Certain insiders of the Company participated in the Offering. For details of insider participation in the First Tranche, please see news release dated June 27, 2024. In connection with the Final Tranche, Crescat Portfolio Management LLC, an insider of the Company as it has ownership of, or control or direction over, directly or indirectly, securities of Barksdale carrying more than 10% of the voting rights attached to all the Company’s outstanding voting securities, purchased 6,666,667 Units. In addition, Rick Trotman, Chief Executive Officer and Director of Barksdale, purchased 118,317 Units. The participation by insiders in the Offering constitutes a “related party transaction” as defined under Multilateral Instrument 61-101 – Protection of Minority Security Holders in Special Transactions (“MI 61-101“). The Company is relying on the exemptions from the valuation and minority shareholder approval requirements of MI 61-101 contained in sections 5.5(a) and 5.7(1)(a) of MI 61-101, as neither the fair market value of the securities purchased by insiders, nor the consideration for the securities paid by such insiders, will exceed 25% of the Company’s market capitalization. The Company did not file a material change report in respect of the related party transaction at least 21 days before the closing of either the First Tranche or the Final Tranche, which the Company deems reasonable in the circumstances in order to complete the Offering in an expeditious manner. The Offering was unanimously approved by the Company’s board of directors.
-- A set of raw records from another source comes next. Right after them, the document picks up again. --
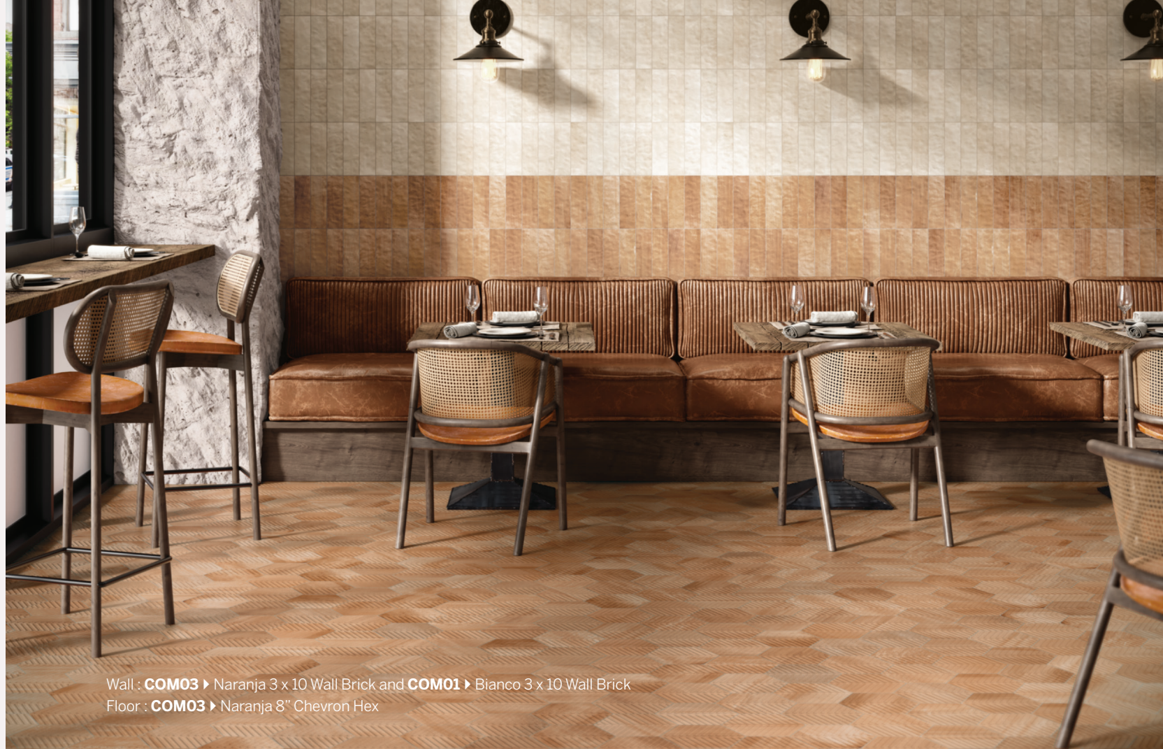
Wall : COM03 ▶ Naranja 3 x 10 Wall Brick and COM01 ▶ Bianco 3 x 10 Wall Brick Floor : COM03 ▶ Naranja 8" Chevron Hex
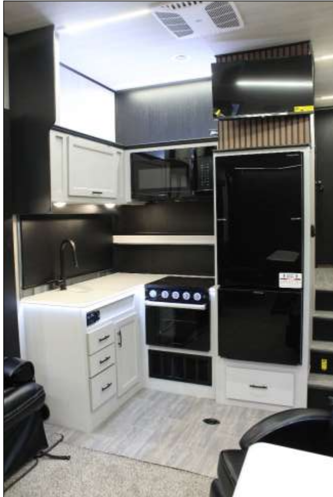
Spacious, Open Floorplan
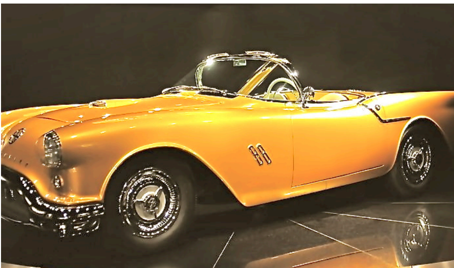
1954 Oldsmobile [remember them?] F-88 Concept / Show car.
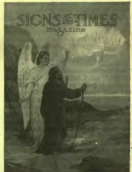
Miniature likeness of the August cover, which is beautifully printed in three colors.

Over 100,000 others have, and many are talking about it, too. One who has been a subscriber to the Signs Magazine from the first, said: "Seems to me it is getting better all the time. The August number is just fine." She was impressed with the article entitled "World Conditions as Seen by Others." It is full of startling facts that will produce serious reflections.
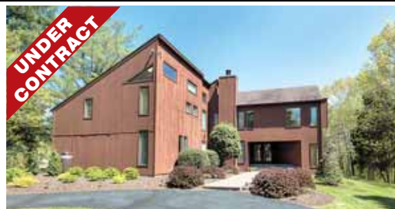
Great Falls $1,197,000
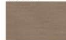
Bedspread & Pillow Shams
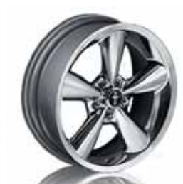
18" Polished-Aluminum with Tri-Bar Pony Center Cap Available on GT; Standard with GT California Special Package
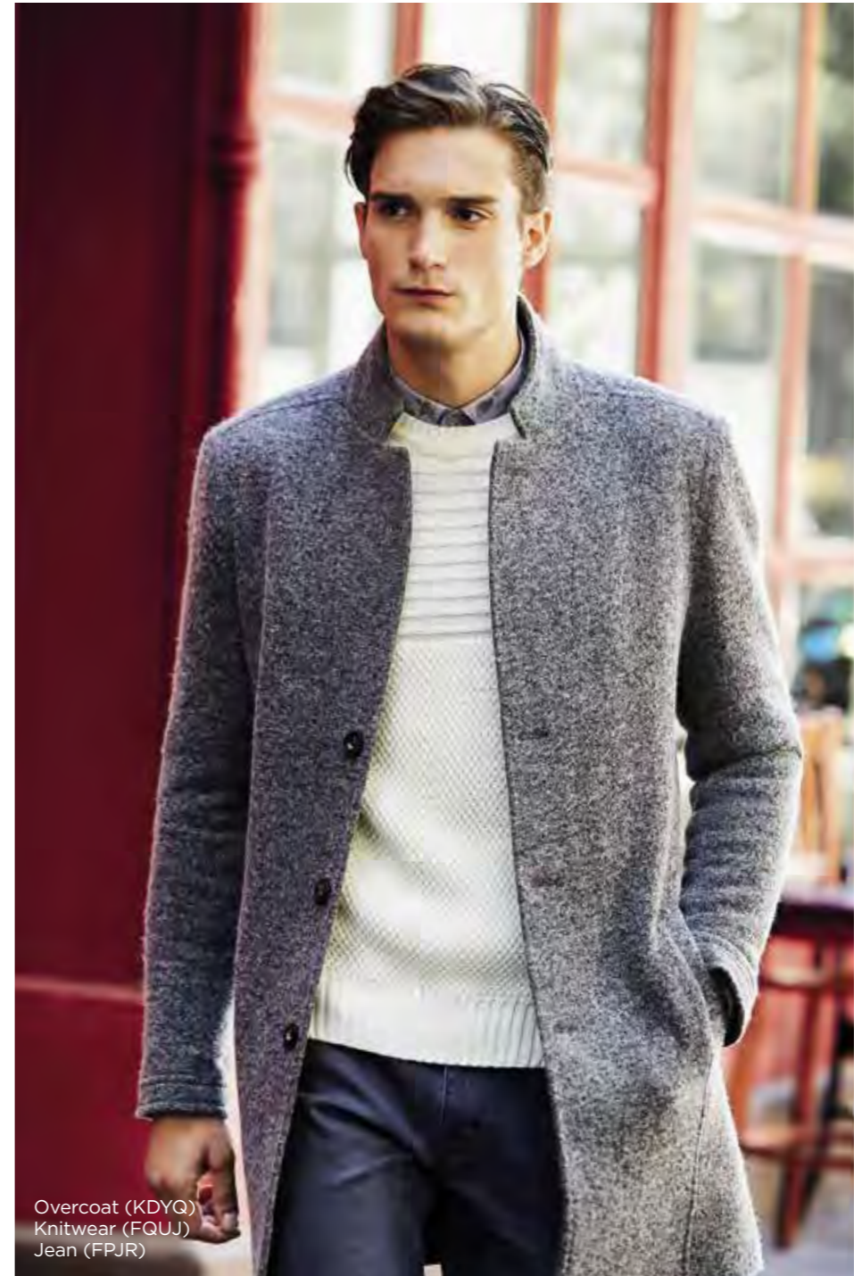
Overcoat (KDYQ) Knitwear (FQUJ) Jean (FPJR)
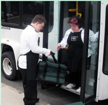
Participants of Midland Adult Services load up the Meals on Wheels truck for deliveries.

Barksdale Resources Corp., a 2023 OTCQX BEST 50 Company, is a base metal exploration company headquartered in Vancouver, B.C., that is focused on the acquisition, exploration and advancement of highly prospective base metal projects in North America. Barksdale is currently advancing the Sunnyside copper-zinc-lead-silver project in the Patagonia mining district of southern Arizona, which hosts several significant porphyry copper deposits as well as the adjoining world-class Hermosa carbonate-replacement lead-zinc-silver deposit which is under construction by a major mining company.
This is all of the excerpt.